Die angebliche Brandmauer der CDU gegen die AfD ist längst nicht mehr stabil. Friedrich Merz, der sich in der Vergangenheit oft klar gegen eine Kooperation ausgesprochen hat, offenbart immer wieder seine wahre politische Natur: Opportunismus und Machthunger. Solange er andere Optionen hat, wird er aus taktischen Gründen auf Distanz zur AfD bleiben. Doch sollte sich die Situation ergeben, dass er nur durch eine Koalition mit der AfD Kanzler werden kann, bin ich überzeugt, dass er keine Sekunde zögern würde. Die CDU hat bereits gezeigt, dass sie bereit ist, für politischen Gewinn ihre eigenen Prinzipien aufzuweichen.
So bedenklich diese Abstimmung auch ist und so problematisch die Normalisierung der AfD sein mag, sie zeigt auch eine andere Perspektive auf: eine Möglichkeit für eine echte Demokratie, jenseits von parteipolitischen Machtspielchen und der seit Jahrzehnten etablierten Fraktionsdisziplin. Denn so sehr diese Abstimmung ein politischer Skandal ist, zeigt sie auch, dass eine Entscheidung auf Grundlage einer realen Parlamentsmehrheit, und nicht auf Basis einer zuvor im Kabinett der Bundesregierung festgelegten Linie, getroffen wurde. Hier wurde eine Entscheidung gefällt, die sich nicht nach parteiinterner Logik, sondern nach der Überzeugung einer Mehrheit der Abgeordneten richtete – genau so, wie es sein sollte.

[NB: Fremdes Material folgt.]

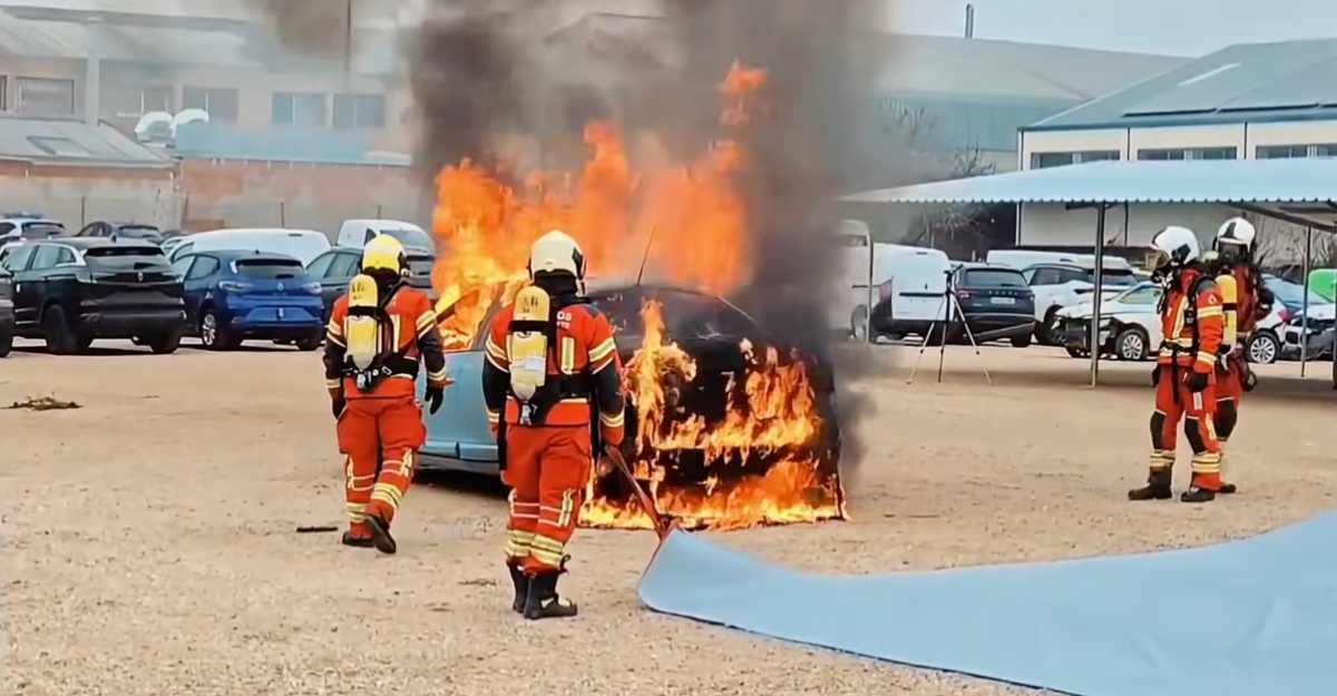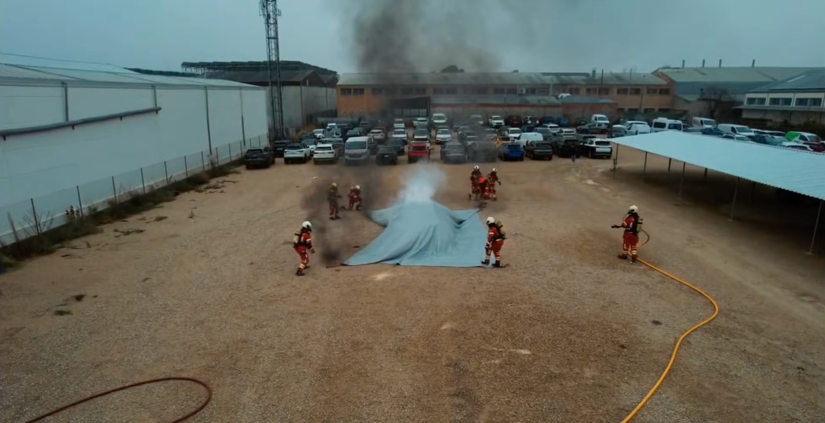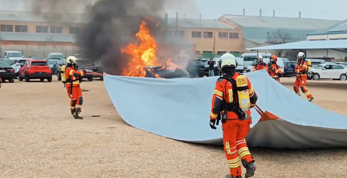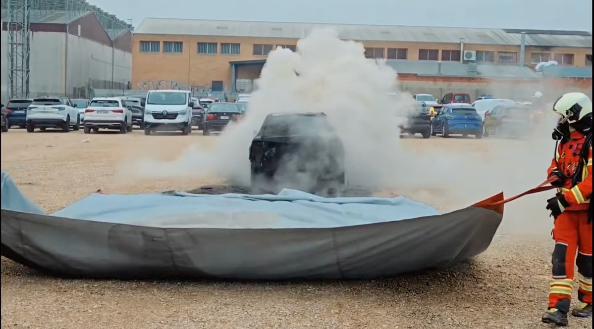 La secuencia más llamativa de los vídeos muestra el momento en el que el vehículo es cubierto por completo con la manta, diseñada para aislar el foco del incendio y limitar la entrada de oxígeno. Esta técnica permite reducir la propagación de las llamas y aumentar la seguridad de los intervinientes, especialmente en incendios donde las baterías de litio pueden reactivarse y prolongar la emergencia.

Natürlich ist es wichtig, dass Abgeordnete innerhalb einer Partei in gewissem Rahmen kooperieren, um politische Stabilität zu gewährleisten. Doch diese Zusammenarbeit darf nicht zu einer rigiden Fraktionsdisziplin führen, die den Bundestag zu einer reinen Abstimmungsmaschine degradiert. Jeder Abgeordnete sollte nach seinem eigenen Gewissen entscheiden können, ohne Angst vor parteiinternen Konsequenzen zu haben.

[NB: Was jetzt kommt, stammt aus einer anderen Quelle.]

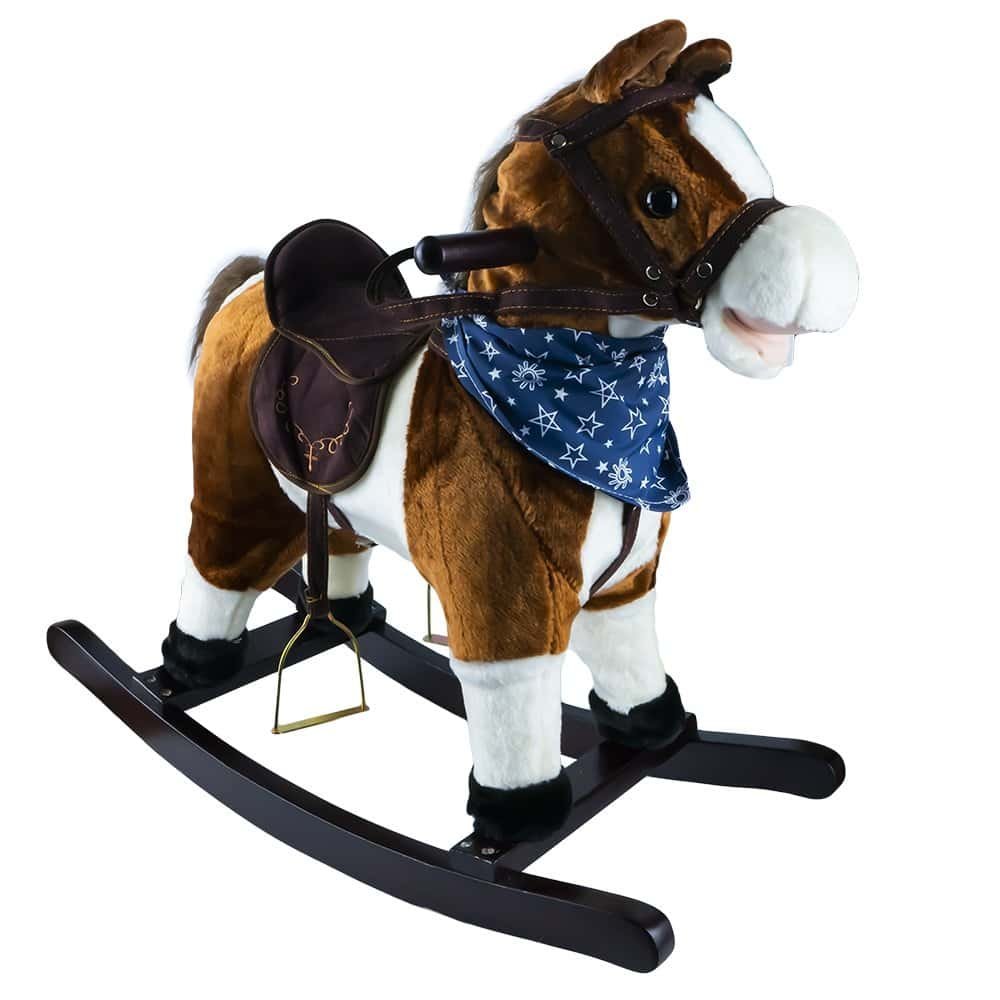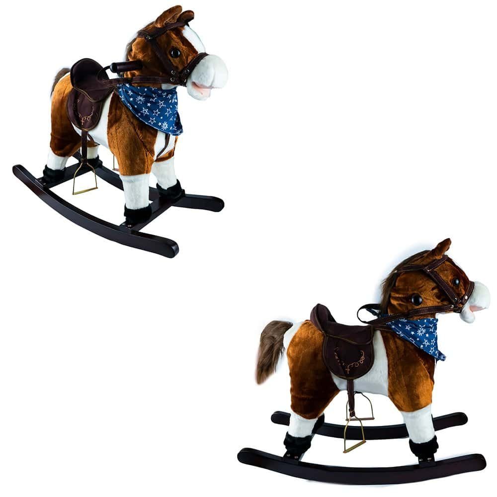 Balansoar pentru bebelusi sub forma de calut, cu sunete, perfect pentru distractia copilului; Este confectionat din plus si lemn finisat; Balansoarul tip calut functioneaza cu baterii, iar prin apasarea urechii acesta fredoneaza o melodie de leagan; Datorita materialelor de calitate din care este confectionat, calutul imita foarte bine realitatea; Balansoarul este sigur, confortabil, iar pentru o siguranta sporita acesta este prevazut cu spatar si o centura de siguranta;

Ein Beispiel für diese fehlende Unabhängigkeit war die Abstimmung zur „Ehe für alle“. Hier wurde die Fraktionsdisziplin ausnahmsweise aufgehoben, damit jeder Abgeordnete seinem Gewissen folgen konnte. Doch warum ist das die Ausnahme und nicht die Regel? Das Grundgesetz sieht vor, dass Abgeordnete frei entscheiden sollen – nicht nur dann, wenn die Parteiführung es ihnen gestattet. Die Fraktionsdisziplin ist in ihrer derzeitigen Form nichts anderes als eine Verfassungswidrigkeit, die sich als politische Praxis festgesetzt hat.
Die Frage, ob man einen Antrag stellt, sollte sich nicht daran orientieren, welche Parteien ihn ebenfalls unterstützen könnten, sondern ob der Antrag politisch sinnvoll ist. Jeder Abgeordnete sollte frei darüber entscheiden, was er für richtig hält, ohne von der Parteiführung unter Druck gesetzt zu werden. Nur so kann eine wirkliche Demokratie funktionieren.
Die CDU hat mit dieser Abstimmung gezeigt, dass sie bereit ist, ihre eigenen Prinzipien für Machtgewinn zu opfern. Doch gleichzeitig hat sie ungewollt demonstriert, dass eine echte demokratische Entscheidung ohne die enge Kontrolle des Kabinetts möglich ist. Vielleicht liegt hier eine Chance, die Politik endlich wieder unabhängiger und demokratischer zu machen.